FedProc: Prototypical Contrastive Federated Learning on Non-IID data
This addresses the challenge of efficient collaborative learning for clients with non-IID data in federated learning, representing an incremental improvement.
The paper tackles the problem of training deep learning models on non-IID data in federated learning by proposing FedProc, a framework that uses prototypes as global knowledge to correct local training, resulting in accuracy improvements of 1.6% to 7.9% compared to state-of-the-art methods.

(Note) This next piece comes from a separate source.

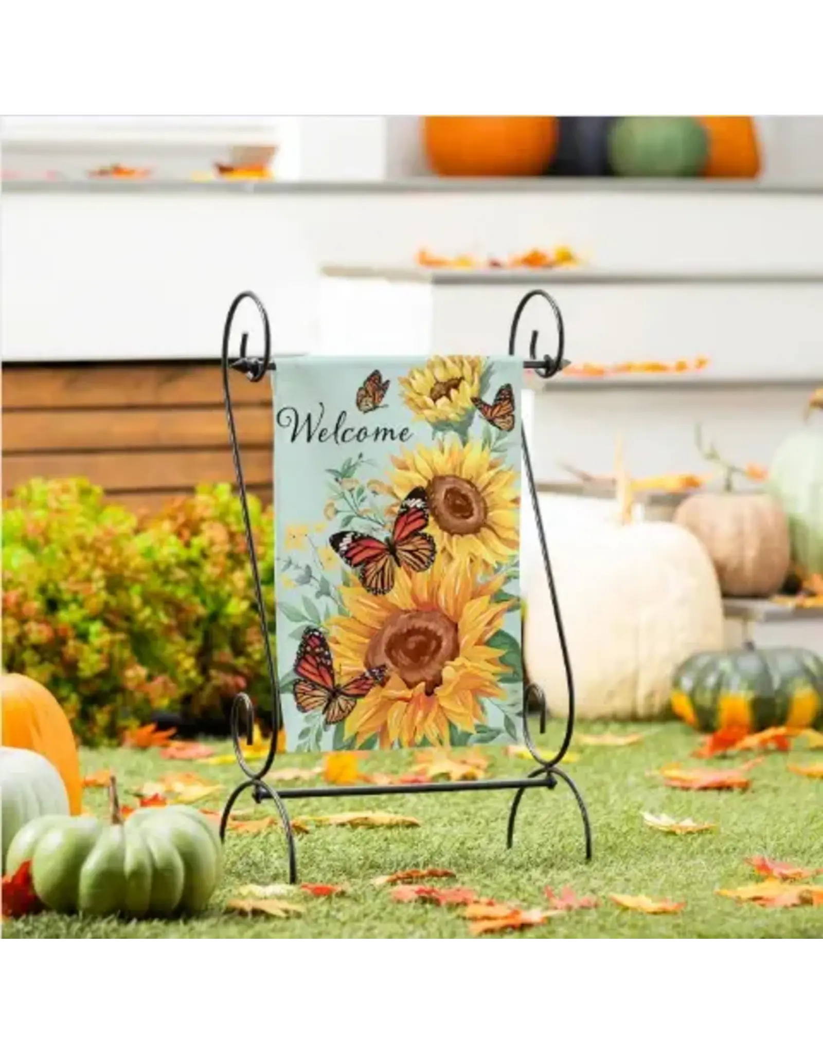 Measures 12.5" x 18" and fits standard garden flag poles and stands, sold separately.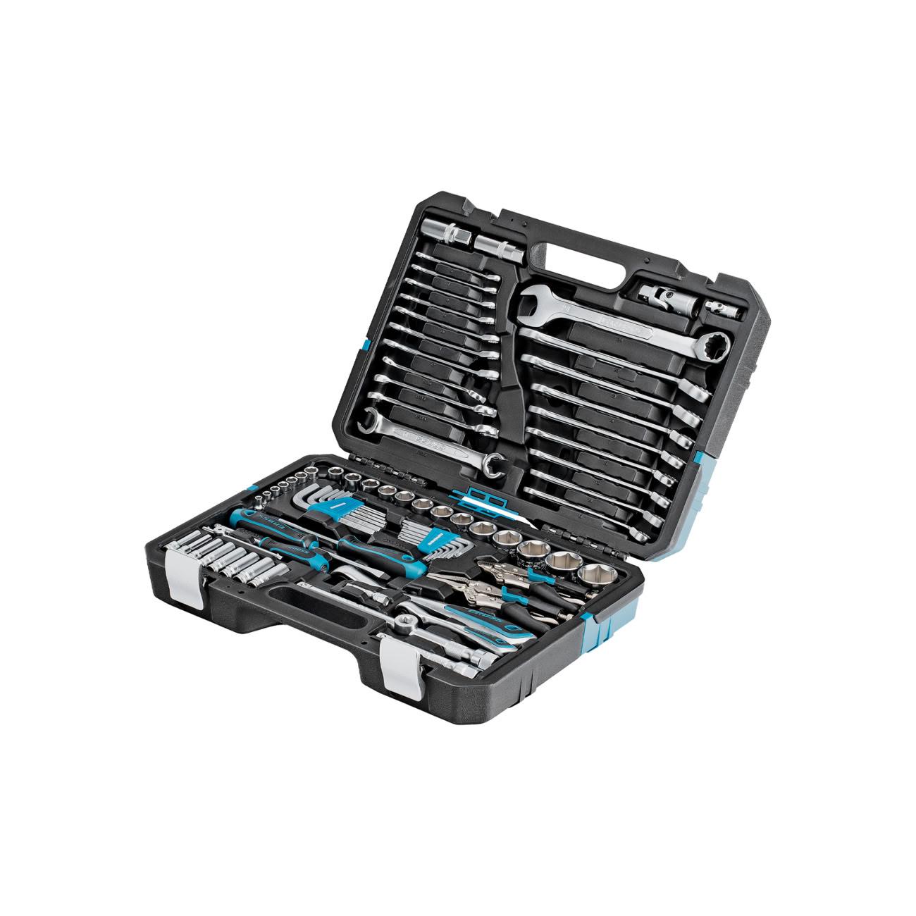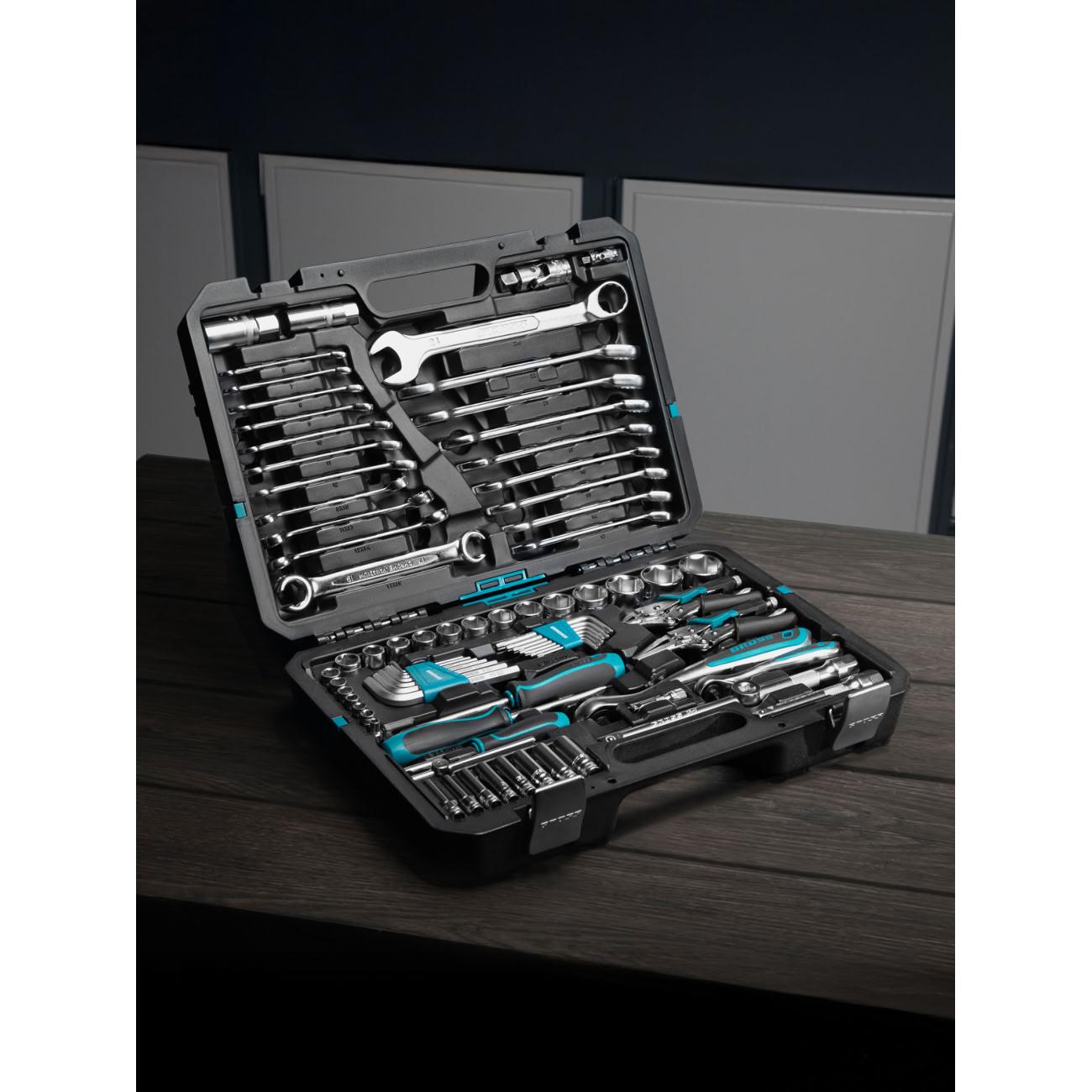 Покупал набор, чтобы в гараже все было под рукой. 78 предметов это впечатляет, и головки, и ключи, и отвертки, и плоскогубцы - чего только нет! Кейс удобный, все сделано добротно.

Federated learning allows multiple clients to collaborate to train high-performance deep learning models while keeping the training data locally. However, when the local data of all clients are not independent and identically distributed (i.e., non-IID), it is challenging to implement this form of efficient collaborative learning. Although significant efforts have been dedicated to addressing this challenge, the effect on the image classification task is still not satisfactory. In this paper, we propose FedProc: prototypical contrastive federated learning, which is a simple and effective federated learning framework. The key idea is to utilize the prototypes as global knowledge to correct the local training of each client. We design a local network architecture and a global prototypical contrastive loss to regulate the training of local models, which makes local objectives consistent with the global optima. Eventually, the converged global model obtains a good performance on non-IID data. Experimental results show that, compared to state-of-the-art federated learning methods, FedProc improves the accuracy by $1.6\%\sim7.9\%$ with acceptable computation cost.